Turner's first painting exhibited at the Royal Academy, Fishermen at Sea (1796) probably suffers from looking like so many cheap imitations that would follow. According to the exhibit notes, painting moonlight on water was in vogue at the time, but that still doesn't explain this painting's positive critical reception to me. To me, it looks like kitsch. Unfortunately, it's representative of the first three or so rooms of the show. Notable exception: the first room, with its breathtaking watercolors. Truly the man was a master of detail and precision, and even if he did have an unfortunate predilection for rainbows, his watercolors are perfect.
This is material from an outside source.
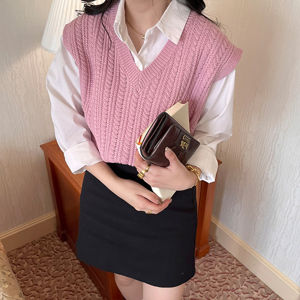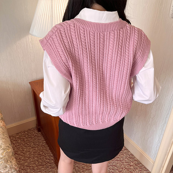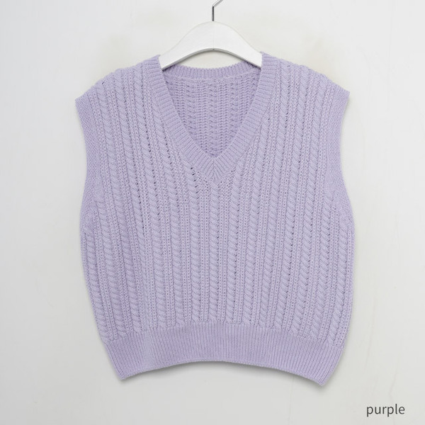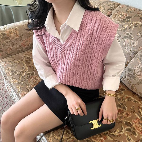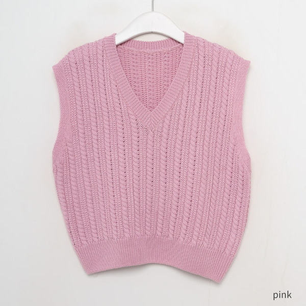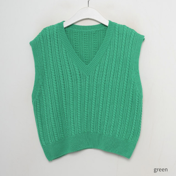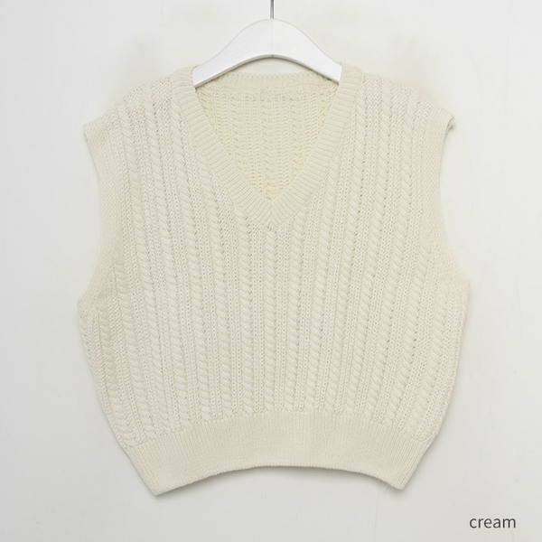 Vネックケーブルニットベスト

His Swiss series, including The Pass of St. Gotthard (1803), is another notable exception. This is sublime landscape painting par excellence. Although the crowds in general annoyed me, I did manage to find some delight in the idiotic remark one man made to his companion here: "I've like totally felt that, when I'm surrounded by all this creativity." They were both wearing the audio tour headsets so presumably this remark was a propos of something (the feeling of the sublime, maybe?) or maybe he was just feeling really inspired by all the creativity and art and stuff.
Turner's Venice paintings weren't a disappointment -- they can withstand even the dullest curating and the most ornery crowds. Gorgeous blues, gorgeous whites, gorgeous light. Simply perfect and beautiful, as always. In the penultimate room there were even more Venice paintings and unfinished sketches, also exquisite. His later works demonstrate the talent for light and color for which he is known and remembered, including The Burning of the Houses of Lords and Commons (1834):
This oil painting was on display with two walls full of watercolour sketches -- he filled two notebooks -- in one of the better rooms in the show. The sketches themselves are incredibly vibrant, and enhance the feeling of immediacy conveyed in the burning landscape.
Finally, in the last room, we are treated to his most delirious and delightful swaths of color, and told that "by the 1840s his increasingly abstract images, in which forms were subsumed by light and color, were mockingly dismissed by critics as 'the fruits of a diseased eye and a reckless hand.'"* Of course this is what most people I know who saw the show responded to, and quite logically so, for it is really only here that Turner's creativity seems to become unrestrained. And I say seems to because this show gives little sense, apart from the Burning of the House of Lords and Commons, and possibly the Venice series, of the man's sense of atmospheric light and color. Where was Rain, Steam and Speed?
And this version of The Fighting Temeraire? (There were other versions there apparently, but there must have been a big crowd in front of them since I can't dredge them up in my tortured memory of this show.)
Are there behind-the-scenes politics at work here? Is The British Museum holding out on us? Is the Tate involved in an international conspiracy designed to posthumously destroy Turner's reputation as a master of light and color? The muddy, middling landscapes on display certainly don't convey the mastery of an artist who reputedly inspired this glorious work:
All I know is that one should never go to a blockbuster exhibit at the Met on a Sunday in August -- the exhibit felt crowded with too many pictures of too little significance, and the show itself was just far too crowded with humanity. I understand why they hold these things in the summer (money can be exchanged for goods and services) but no good can come of seeing this exhibit with a horde. The only pleasure I got out of it was seeing so many massive land and sea scapes devoid of any human more than a quarter inch tall -- if only that were true in life.
Conversely, maybe Turner is best taken in small doses. As in this New York Times review, "This show may be wearying because there is something imperious and impersonal about the sheer force of Turner’s ambition. It is almost as if his drive to capture nature or history in motion was so intense that it didn’t leave room for anyone else, including the viewer. Maybe that’s why despite all his hard work and even the majesty of his vision, you can emerge from this exhibition impressed but oddly untouched, even chilled."
* Quote from the Metropolitan Museum of Art's catalogue.